First, we assume that $A A^T = I$. In the later section, we would show that any problem can be transformed to satisfy this condition. Let $y^k = x^k - t A^T \lambda^k$:
\[x^{k + 1} = J_{t F} (y^k) \nonumber\\ \lambda^{k + 1} = J_{t^{- 1} G^{\ast}} \left( \lambda^k + \frac{1}{t} A (2 x^{k + 1} - (t A^T \lambda^k + y^k)) \right) = J_{t^{- 1} G^{\ast}} \left( \frac{1}{t} A (2 x^{k + 1} - y^k) \right) \nonumber\]Next we apply the property of inverse operators, which states that
\[J_{\lambda F} + \lambda J_{\lambda^{- 1} F^{- 1}} (x / \lambda) = x \nonumber\]Thus the dual iteration reduces to
\[\lambda^{k + 1} = \frac{1}{t} [A (2 x^{k + 1} - y^k) - J_{t G} (A (2 x^{k+1} - y^k))] \nonumber\]Lastly, substituting $x^{k + 1}, \lambda^{k + 1}$ in the definition of $y^{k +1}$:
\[y^{k + 1} = x^{k + 1} - t A^T \lambda^{k + 1} \nonumber\\ \lambda^{k + 1} = x^{k + 1} - A^T A (2 x^{k + 1} - y^k) + A^T J_{t G} (A (2 x^{k + 1} - y^k)) \nonumber\]So PDHG iteration on $(x, \lambda)$ can be viewed as fixed point iteration on $y = x - t A^T \lambda$, where
\[T (y) = J_{t F} (y) - A^T A (2 J_{t F} (y) - y) + A^T J_{t G} (A (2 J_{t F} (y) - y)) \nonumber\]DRS
DRS aims to find $y$, such that
\[0 \in \partial f (y) + A^T \partial g (A y) \nonumber\]Then we denote operators $\partial f, A^T \partial g A$ by $F, H$. Starting from $y^k$, DRS iteration gives
\[w^{k + 1} = J_{t F} (y^k) \nonumber \\ v^{k + 1} = J_{t H} (2 w^{k + 1} - y^k) \nonumber \\ y^{k + 1} = y^k - w^{k + 1} + v^{k + 1} \nonumber\]By the property of composite operators, when $A A^T = I$ and $H = A^T G A$
\[J_H (x) = (I - A^T A) x + A^T J_G (A x) \nonumber\]Plugging this into the update of $v$
\[v^{k + 1} = (I - A^T A) (2 w^{k + 1} - y^k) + A^T J_{t G} (A (2 w^{k + 1}-y^k)) \nonumber\\ y^{k + 1} = w^{k + 1} - A^T A (2 w^{k + 1} - y^k) + A^T J_{t G} (A (2 w^{k+1} - y^k)) \nonumber\]Finally, the DRS can be represented by the fixed point iteration:
\[y^{k + 1} = J_{t F} (y^k) - A^T A (2 J_{t F} (y^k) - y^k) + A^T J_{t G} (A (2 J_{t F} (y^k) - y^k)) \nonumber\]which is the same as PDHG.

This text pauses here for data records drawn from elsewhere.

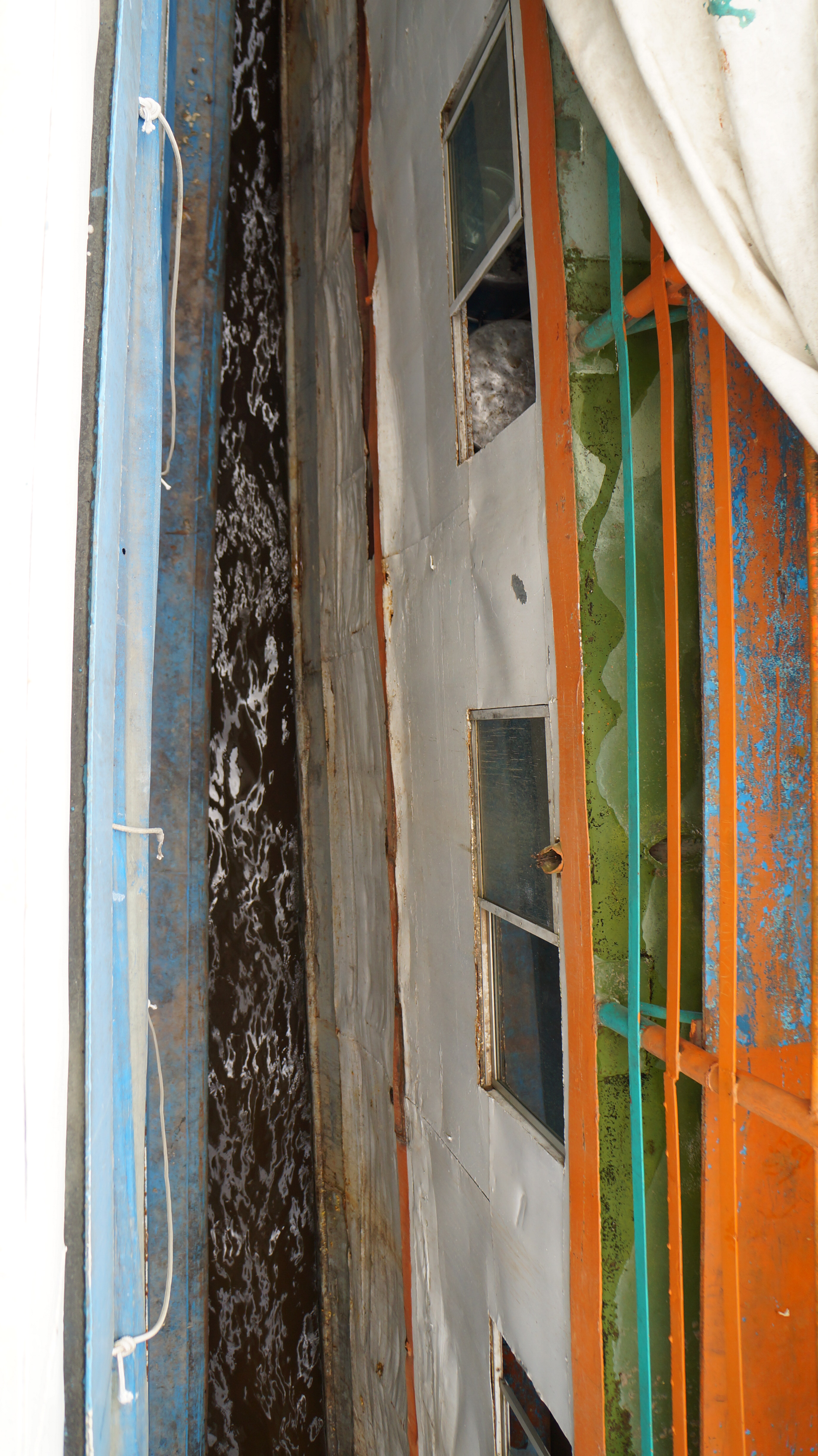 In places, we felt the floor bend as we stood on it and then pop back into place with a deep clunk. The lower levels of the boat were used for cargo and scores of men worked like trojans carrying all manner of good from lorries parked out front on to the boat. Three new motor bikes, furniture, hundreds of bags of cement and rice, giant water melons bigger than our heads, scrap metal, sacks of potatoes…you name it, it was being loaded on.
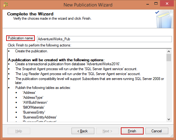 The publication setup progress appears. It summarizes the progress of the publication setup and configuration. In case of this tutorial, you would see that the Adventureworks_Pub is successfully created. The wizard will take care of creating the publication, adding the articles, and then starting the snapshot agent to take that initial snapshot of the AdventureWorks2016 database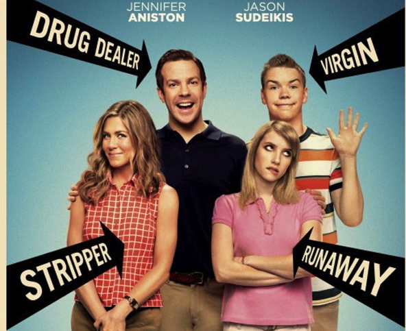 Há algum tempo tenho visto os trailers dessa comédia bastante promissora em que um traficante chinfrim monta uma família “de mentirinha”, com uma stripper no papel de devotada esposa e uma viciada e um imbecil como casal de filhos para tentar levantar poucas suspeitas na tentativa de cruzar a fronteira com um trailer cheio de maconha: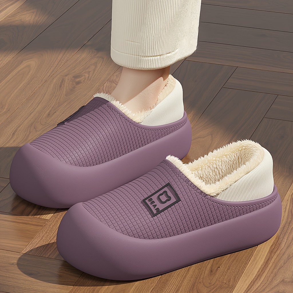 Chinelos confortáveis femininos - Material EVA macio com forro de pelúcia, adequado para inverno interno confortável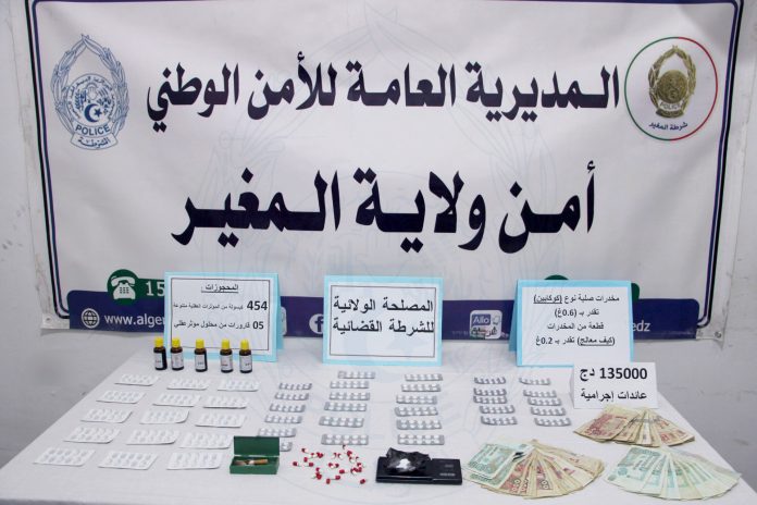 العملية تعود لمعلومات مفادها نشاط مشبوه لأحد الأشخاص مسبوق قضائيا ، يقوم بترويج المخدرات و المؤثرات العقلية وسط شباب أحد أحياء المدينة ، أين تم تفعيل التحري و الاستعلام مكن من تحديد هويته و مكان إقامته بدقة ، ليتم وضع خطة ميدانية من أجل توقيفه ، مع إستصدار إذن السيد وكيل الجمهورية لدى محكمة المغير ،لتفتيش مسكنه ، العملية مكنت من توقيف المشتبه فيه و برفقته شخصين آخرين ، مع ضبط :
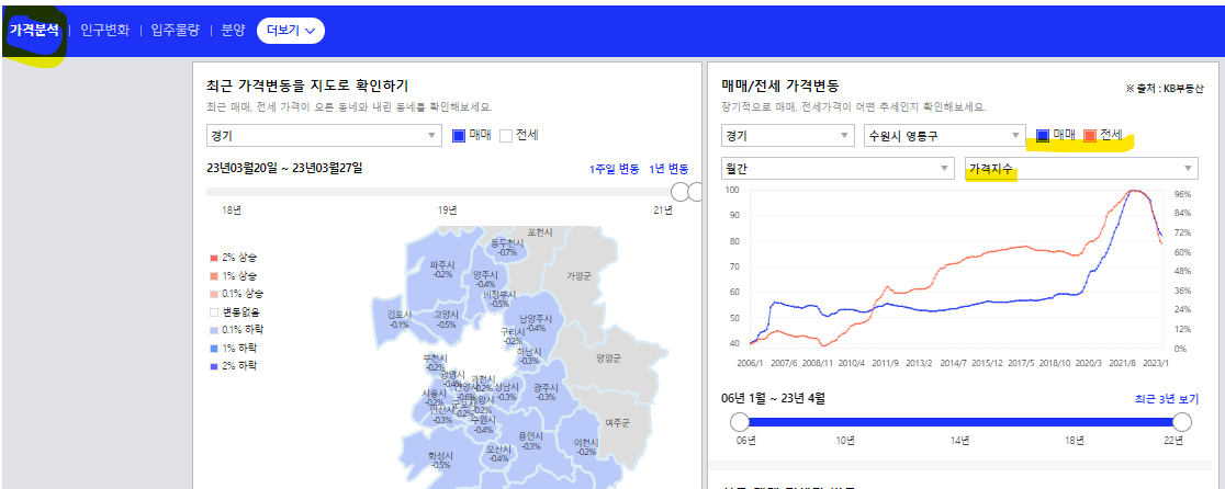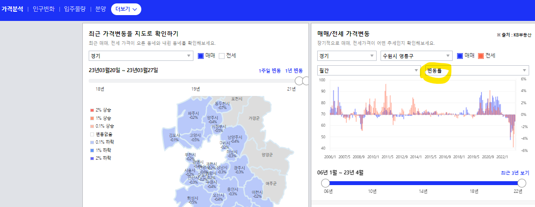 3. 가격분석 - 지역 설정 - 매매/전세 - 변동률

remark If the assumption $A A^T = I$ not hold, choose $\gamma | A | \leq 1$, we can construct the following matrix:
\[B = \left[ A \quad C \right], C = (\gamma^{- 2} I - A A^T)^{1 / 2} \in \mathbb{R}^{m \times m}\]such that $B B^T = \gamma^{- 2} I$. Then we consider the following optimization problem
\[\min_{x, u} f (x) +\mathbb{I} (u = 0) + g (B [x, u]^T) \nonumber\]whose optimal solution of variable $x$ is the same as the previous one, and $u^{\ast} = 0$.